Excess weight during pregnancy increases risk for adverse maternal and infant outcomes. There is evidence that increased physical activity (PA) may buffer these effects. However, few studies have documented amounts of PA or its demographic and psychological correlates among pregnant women with overweight/obesity.
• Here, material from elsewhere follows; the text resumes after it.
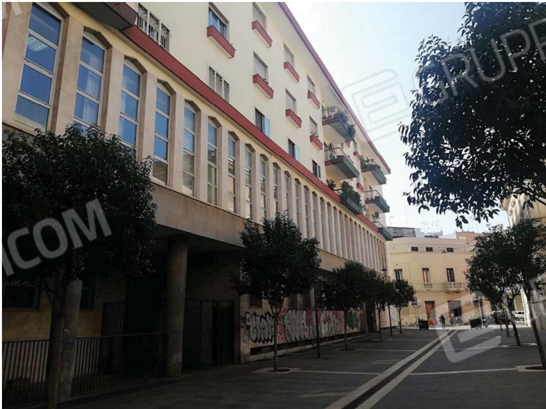
Prospetto dello stabile

Women (N=264, Mage=28.46, SDage=5.43; MBMI=34.00, SDBMI=7.09) between 12-20 weeks gestation (M=15.69, SD=2.45) were recruited for an observational study of perinatal weight and eating patterns. Participants completed ratings of perceived stress and depressive symptoms. Eating disorder psychopathology was documented by the Eating Disorders Examination interview. PA was assessed via interview using the Paffenbarger Physical Activity Survey, yielding estimates of total energy expenditure (TEE) and expenditure from light and moderate to vigorous intensity PA (MVPA). Height and weight were measured to calculate BMI. Weeks gestation was included as a covariate in all models.


Mean duration of PA of any intensity was 201.67±456.65 minutes, with 22% of women engaging in the recommended ≥150 weekly minutes of MVPA. Lower family income was associated with lesser likelihood of meeting this recommendation (OR=2.348, p<0.01). Higher perceived stress (β=-0.137, p=0.04) and eating concerns (β=-0.168, p<0.01) were associated with lower TEE. Depressive symptoms were not associated with any estimate of PA. No estimate of PA predicted BMI.


Pregnant women with overweight/obesity engage in modest amounts of PA during the first half of pregnancy, although few meet PA guidelines. Lower family income, higher perceived stress and greater eating psychopathology were related to lesser PA engagement. Future research to determine whether PA early in pregnancy is associated with maternal and infant outcomes later in the perinatal period is indicated.